There is not one single first-line treatment for advanced HCC associated with superior outcomes across all outcome measurements. Therefore, first-line systemic treatment should be selected based on individualized treatment goals.

Keywords: Hepatocellular carcinoma, Systemic therapy, Meta-analysis, Lenvatinib, First-line, Immune therapy

Core Tip: The present network meta-analysis is the first to compare data from randomized trials of all first-line systemic therapies for hepatocellular carcinoma including chemotherapy, targeted drugs, immunotherapy, and combination therapies.
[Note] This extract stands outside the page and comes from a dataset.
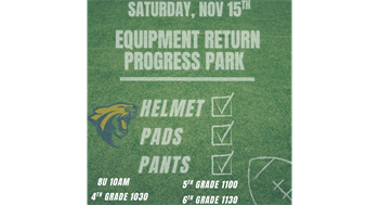 Cheer & Tackle Football will hold equipment return on Saturday, Nov 15th at Progress Park.

Furthermore, the analysis represents a comprehensive cross comparison of outcomes, including tumor response rates, survival, and safety and included a sub-analysis in patients with hepatitis B virus infection. Our results showed that atezolizumab plus bevacizumab was ranked first for progression-free survival and overall survival but also had the highest rate of discontinuations due to adverse events. Lenvatinib ranked first for overall response rate and second for progression-free survival.